* _Information provided_
↓
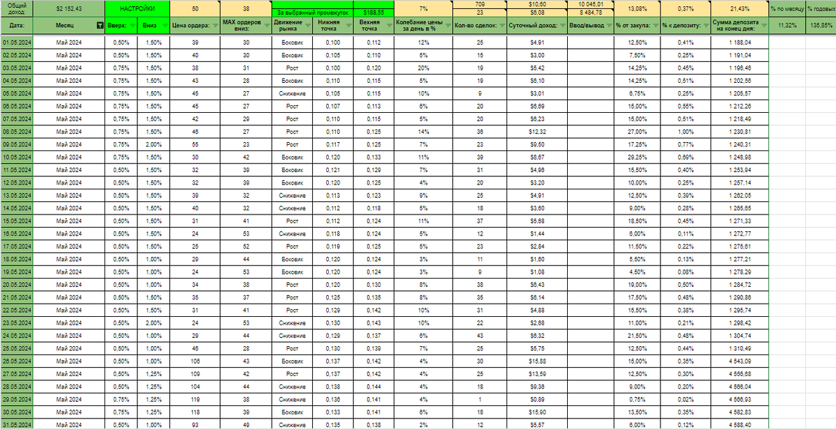 Создание торгового бота — это не просто технический процесс, но и целая история экспериментов, тестирования и улучшений. В этой статье я хочу поделиться с вами результатами работы моего бота с самого начала его разработки, начиная с мая 2024 года, ещё до того, как он стал доступен широкой аудитории. Изначально бот был лишь концепцией, которую я тестировал на реальном рынке. С первых дней его работы я сосредоточился на минимизации рисков и создании простой, но эффективной стратегии: Доходность: 11,32% к депозиту за май или 135,85% годовых без учета сложного процента (реинвеста).) Несмотря на то, что это был лишь старт, результаты оказались завораживающими. Бот не только справился с поставленной задачей, но и продемонстрировал впечатляющую доходность в 11,32% к депозиту всего за месяц. Это дало мне уверенность, что разработанный алгоритм имеет огромный потенциал и способен стабильно работать даже на начальных этапах тестирования. В июне я сосредоточился на разработке новых функций, напр
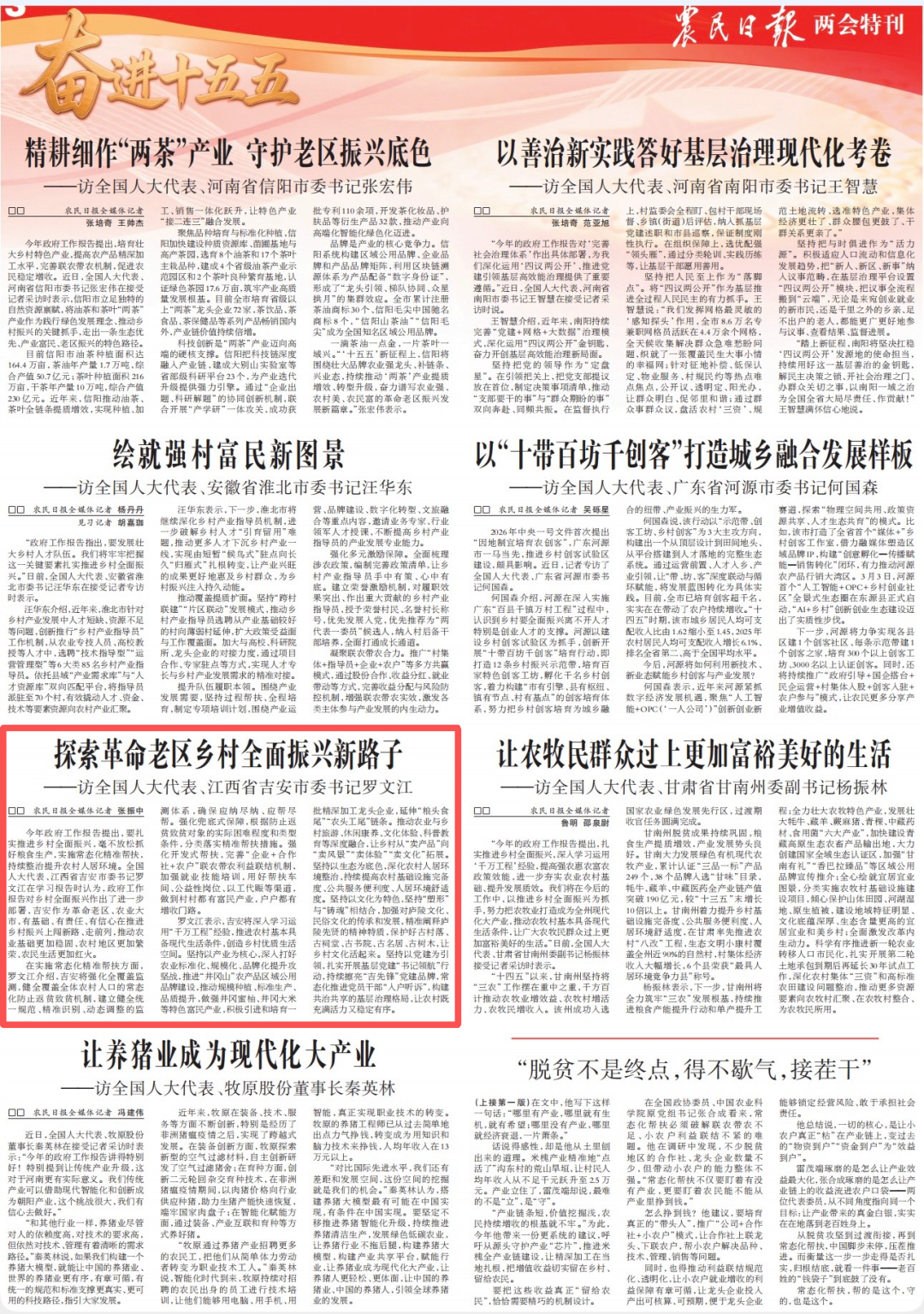 《农民日报》两会特刊单篇报道《探索革命老区乡村全面振兴新路子——访全国人大代表、江西省吉安市委书记罗文江》。
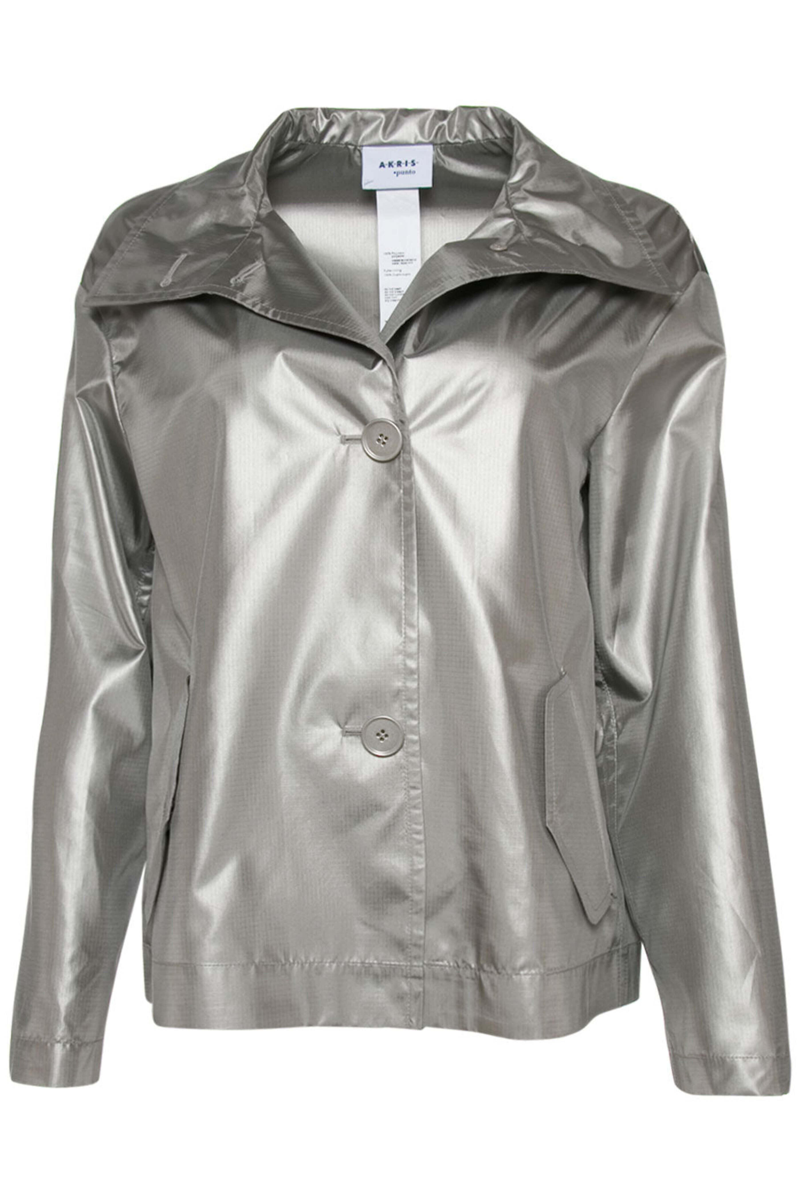 - Akris Punto Metallic Silver Rain Jacket Stand collar Front button closure Long sleeve Flap pockets with snap buttons Inverted pleat at back Boxy fit Straight hem 100% polyester
↑
* _Task directions_
Could you transcribe all of the data exactly, keeping every picture out of the copy?

* _Reply_
 Создание торгового бота — это не просто технический процесс, но и целая история экспериментов, тестирования и улучшений. В этой статье я хочу поделиться с вами результатами работы моего бота с самого начала его разработки, начиная с мая 2024 года, ещё до того, как он стал доступен широкой аудитории. Изначально бот был лишь концепцией, которую я тестировал на реальном рынке. С первых дней его работы я сосредоточился на минимизации рисков и создании простой, но эффективной стратегии: Доходность: 11,32% к депозиту за май или 135,85% годовых без учета сложного процента (реинвеста).) Несмотря на то, что это был лишь старт, результаты оказались завораживающими. Бот не только справился с поставленной задачей, но и продемонстрировал впечатляющую доходность в 11,32% к депозиту всего за месяц. Это дало мне уверенность, что разработанный алгоритм имеет огромный потенциал и способен стабильно работать даже на начальных этапах тестирования. В июне я сосредоточился на разработке новых функций, напр
 《农民日报》两会特刊单篇报道《探索革命老区乡村全面振兴新路子——访全国人大代表、江西省吉安市委书记罗文江》。
 - Akris Punto Metallic Silver Rain Jacket Stand collar Front button closure Long sleeve Flap pockets with snap buttons Inverted pleat at back Boxy fit Straight hem 100% polyester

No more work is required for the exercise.